Their problem was not in a lack of information about the Gospel but rather that they didn’t hear.  It was the same problem with the Jews of Jesus’ day.  He spoke openly and plainly about the Gospel.  Yet His generation did not understand, anymore than did their forefathers.   They had “ears, but did not hear.”  They refused to listen with faith.  This problem of the lack of “faith hearing” is not just a problem relegated to history but is our problem as well.  When you hear the Word of God and you don’t mix your hearing with trust in what God has said, then that truth will actually harden your heart.  That is what happened to the children of Israel during the days of Moses and during the days of Jesus, and it is happening now. 

In the third verse the writer says, 

For we which have believed do enter into rest, as he said, As I have sworn in my wrath, if they shall enter into my rest: although the works were finished from the foundation of the world. (Hebrews 4:3) 

This is not a futuristic rest in heaven.  He states clearly that those who have believed “do enter into rest.”  There are many who want to maintain that this is still talking about our heavenly rest.  But I do not think so. 

This is probably the most difficult verse to understand in the whole text.  Grammatically it doesn’t make sense.  Let me tell you what I believe the writer is doing.  Knowing his audience is a Jewish audience that has come out of the Old Testament law; he has to make certain clarifications.  When he starts talking that their forefathers did not have rest under Moses and that there is no rest except in Christ, they are going to stop and say “Jews did have rest.  They had the Sabbath rest.”

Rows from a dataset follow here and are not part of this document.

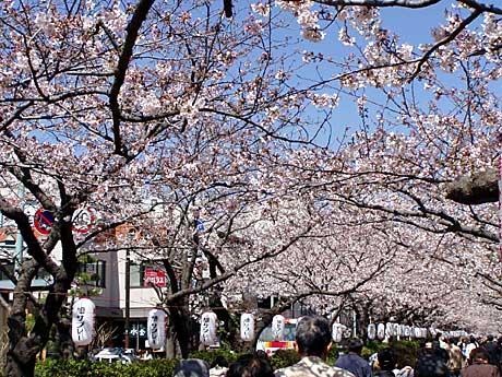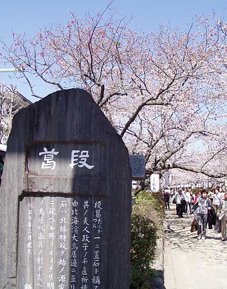 若宮大路には三つの鳥居があり、大路のほぼ中央部にある二の鳥居から八幡宮前の三の鳥居までの間にある一段高い遊歩道が段葛(だんかずら)。ごらんください、みごとな桜のトンネルでしょう。
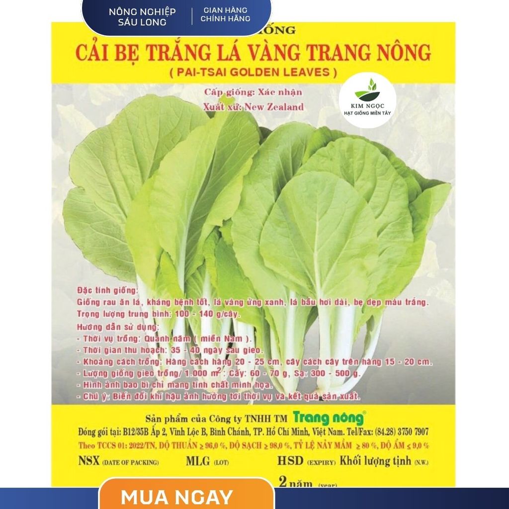 GÓI 20 GRAM – HẠT GIỐNG CẢI BẸ TRẮNG LÁ VÀNG TRANG NÔNG
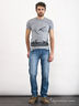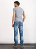 Классические мужские джинсы из хлопкового денима. Отрезной пояс со шлевками для ремня. Застежка на пуговицу и молнию. Спереди два прорезных кармана и один накладной, сзади два накладных кармана. Длинные слегка зауженные брючины. Джинсы декорированы потертостями.
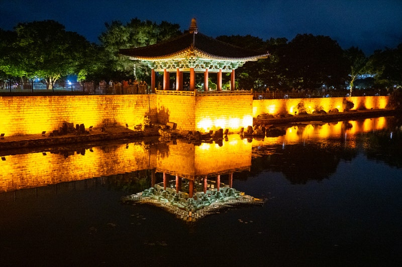 경주는 사계절이 모두 아름답지만, 겨울에는 특히 야경이 또렷하고 선명하다는 매력이 있습니다. 관광객이 한산해져 고요한 분위기를 즐기기에도 좋고, 맑은 공기 속 전각 조명이 연못에 비치는 모습은 겨울에만 감상할 수 있는 특별한 장면이에요.
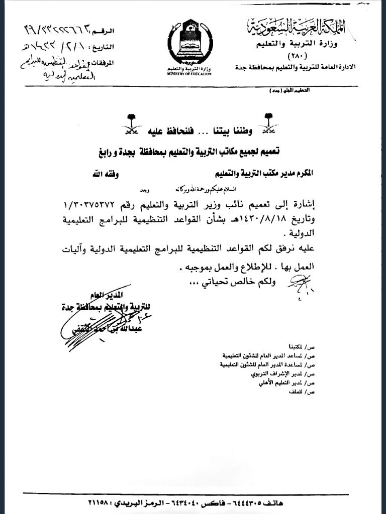 1 ارسال الضوابط التنظيمية لتطبيق البرامج التعليمية الدولية في المدارس الأهلية ونموذج طلب الموافقة على تطبيق برنامج تعليمي في مدرسة أهلية مــــــــدونة تعـــــــــاميم
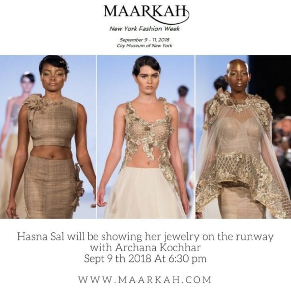 “My sculptures are a cornucopia of planes, textures, tonalities, resonances, moods, emotions, morality, chaos and more. And finally, my sculptures are the voice of color. Color is fundamental to the human spirit. It alleviates, invigorates, humanizes us. . . and I let it serenade.” – Hasna Sal. She will be partnering with Archana Kochar as the first show in the New York Fashion Week “Maarkah” Event. Models will be walking the runway with Archana Kochar gowns and Hasna Sal’s Jewelry.
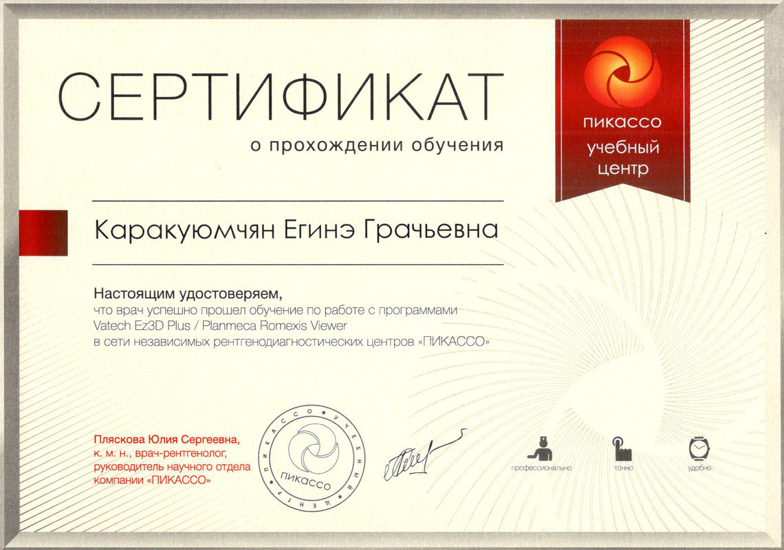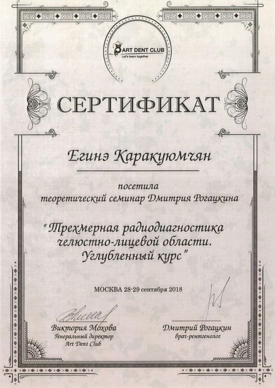 2018г. — Сертификат о прохождении обучения по работе с программами Vatech Ez3D Plus/ Planmeca Romexis Viewer, г.Москва.
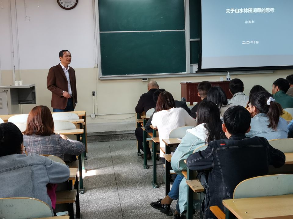 讲座中,徐连利首先阐述了山水林田湖草的含义及特征;之后从山水林田湖草生命共同体的含义、生态哲学思想、马克思自然观和中国传统智慧等方面剖析了实施山水林田湖草生态保护修复的迫切性和现实意义,并介绍了国内外生态保护修复工作动态,重点介绍了我国山水林田湖草修复工作情况,特别是河南省已经实施的工作和目前正在开展的重点工作情况;最后就如何开展生态保护修复工作以及应注意的几个关键性问题展开论述。讲座内容丰富,理论联系实际,通俗易懂,师生们受益匪浅。同时,通过生动的列举分析与问题讨论,激发了同学们对水文专业知识的学习热情,拓宽了学术视野,提升了专业素养,为今后的学习和研究注入了新的动力。
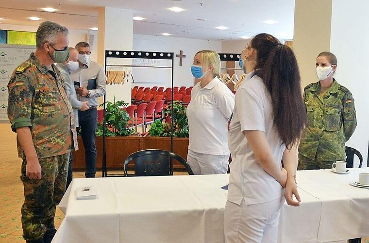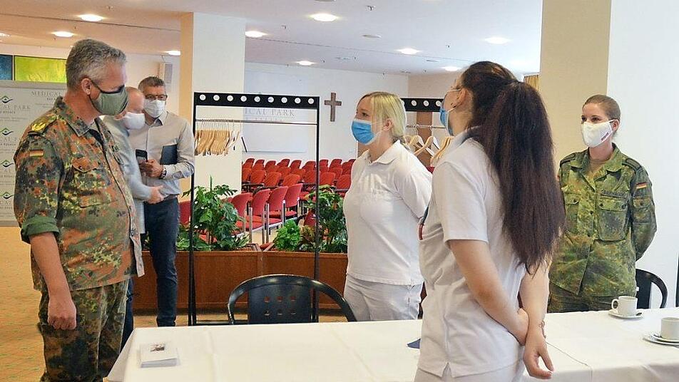 So wurde der Medical Park über vier Wochen durch Soldatinnen und Soldaten unterstützt. Wie das gelaufen ist, wollte Generalarzt Bruno Most wissen, der am Donnerstag die Einsatzkräfte in Bad Rodach besuchte. Am Freitag hatten sie für diesen Einsatz ihren letzten Tag. Most würdigte den Einsatz in Bad Rodach: "Ich bin begeistert, wie gut es gelingt, in kürzester Zeit Kräfte in zivilen Einrichtungen zu integrieren."
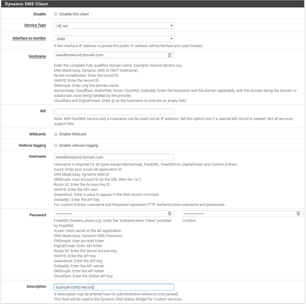 I had trouble finding a definitive answer for how to properly configure Dynamic DNS in pfsense (2.4.4_2 presently) to update a Dynamic DNS record in he.net so here goes:
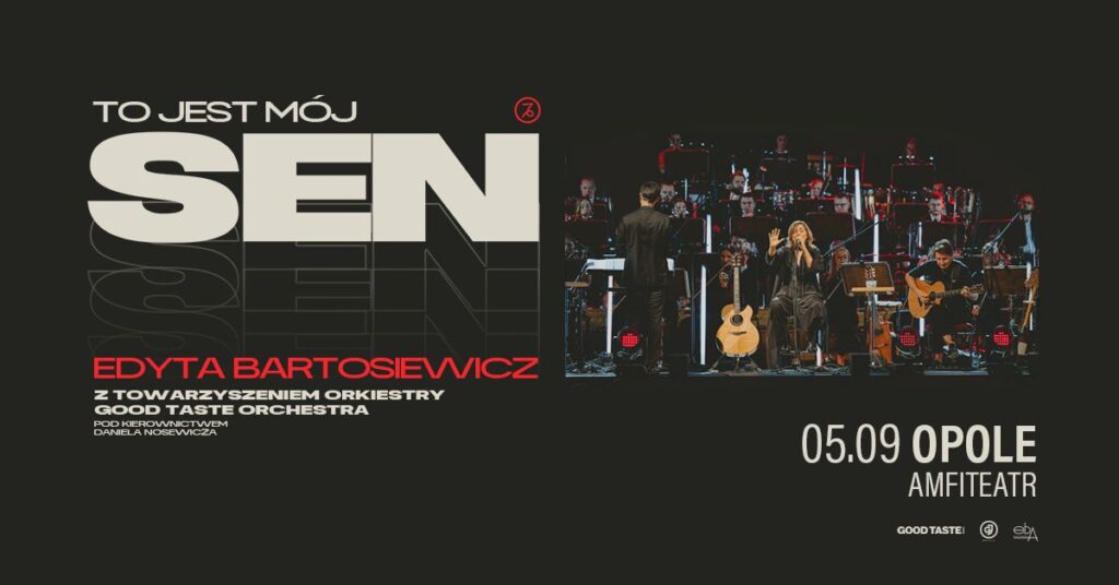 Edyta Bartosiewicz kontynuuje doskonale przyjętą przez fanów i media jubileuszową trasę koncertową z okazji 30-lecia albumu „Sen”. We wrześniu artystka wspólnie z Good Taste Orchestra pod kierownictwem Daniela Nosewicza pojawi się w Amfiteatrze Tysiąclecia w Opolu.
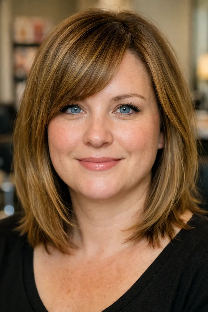 This shoulder-length cut has enough layering to keep the shape moving, but it still looks full through the ends. The feathered bangs soften the forehead and blend into the sides nicely. It is a practical style if you want movement without losing too much body.
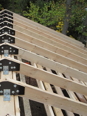 Для стропил вполне подойдет брус сечением 50×100 мм. Устанавливают стропила с шагом, соответствующим шагу боковых вертикальных стоек.
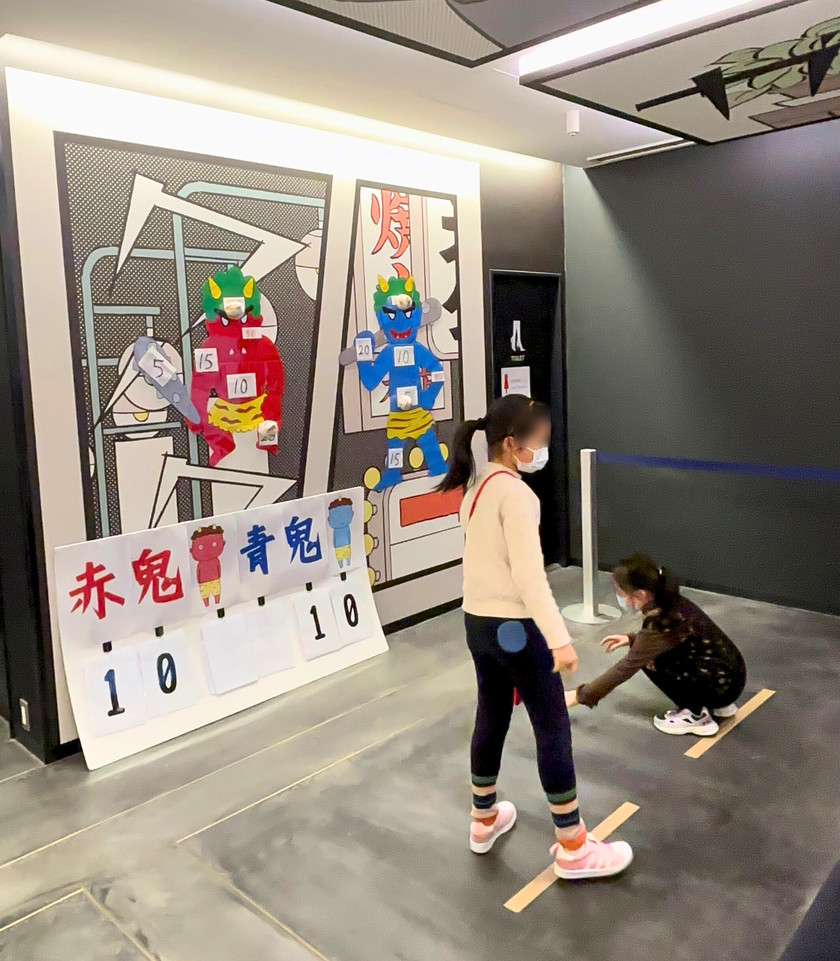 Two oni figures, as you can see on the photo above, have a point system, where each part of their body has different score. Of course, you can play this game by yourself, but if you in the mood, you can also compete on who can get the highest score with your friends or our attenders.
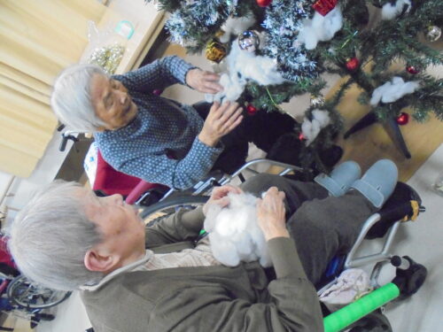 綿の雪を付けていきます⛄
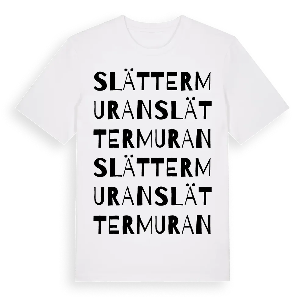 Slättermuran ordlek t-shirt är inspirerad av Slättermuran i Gävleborgs län, Sverige. Tröjan är designad för dig som har en speciell koppling till platsen – oavsett om du bor här, har rötterna här eller bara älskar Slättermuran.
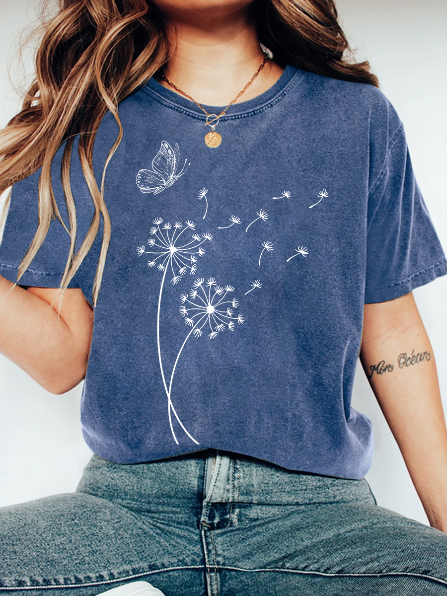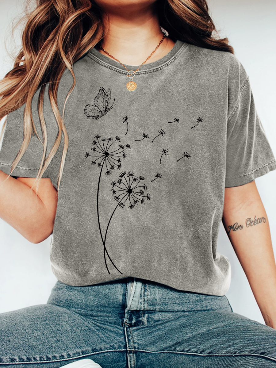 Dandelion Wild Flower Print Wash T-Shirt
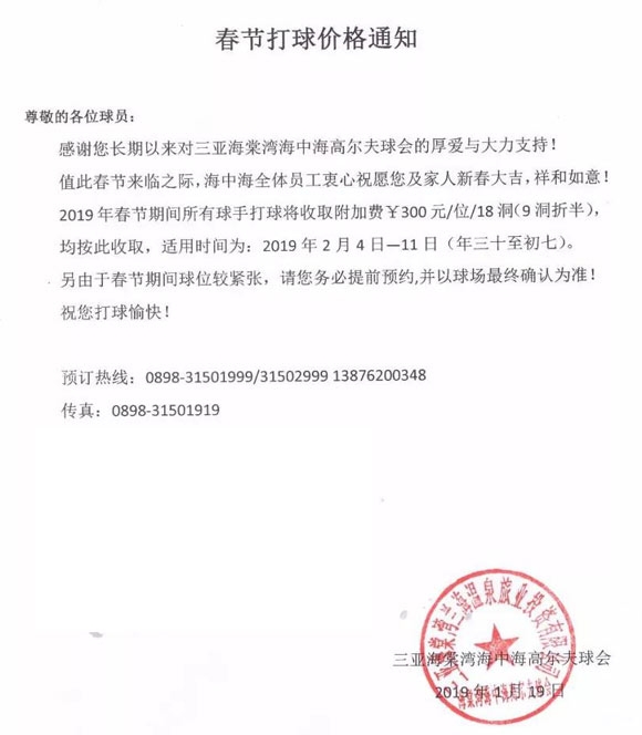 三亚海中海高尔夫球会2019年春节打球价格通知
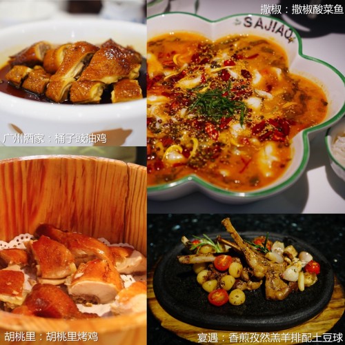 在多元素融合的南部沿海地區(qū),消費者在鐘情地道傳統(tǒng)菜的基礎(chǔ)上,也青睞創(chuàng)意融合菜。廣州酒家的桶子豉油雞,體現(xiàn)了廣東人對雞肉的精準把握,鮮中帶甜質(zhì)感滑嫩;撒椒的撒椒酸菜魚,甄選咸淡水交界處的鱸魚,格外鮮嫩;胡桃里的胡桃里烤雞,別出心裁地藏在鳥籠形狀的木桶里,經(jīng)果木烤制的雞肉香氣獨特;宴遇的香煎孜然羔羊排配土豆球,將三花淡奶和羊肋排完美融合,搭配迷迭香、胡椒、小洋蔥和番茄等輔料,令人耳目一新。

One day out of seven was the Sabbath.  God gave the children of Israel the Sabbath as a sign of the covenant that He had made through Moses with them.  It was for rest.  It typified the rest of God after the work of creation during the first week.  His Jewish audience could have resisted and said, “Wait a minute, we had Sabbath rest.  It was the rest of God.  Just as He rested on the seventh day, so do we.”   But there is another argument they could also present and that is they also had rest under Joshua.  It was Joshua who brought them into the Promised Land.  Not only did they have the Sabbath’s rest, they also had the rest of Canaan under the leadership of Joshua, and they occupied the land.  That was rest.  That is the Jewish theology.  The Jewish people rested in the leadership of Joshua occupying the land and in their weekly Sabbath.  That was rest sufficient.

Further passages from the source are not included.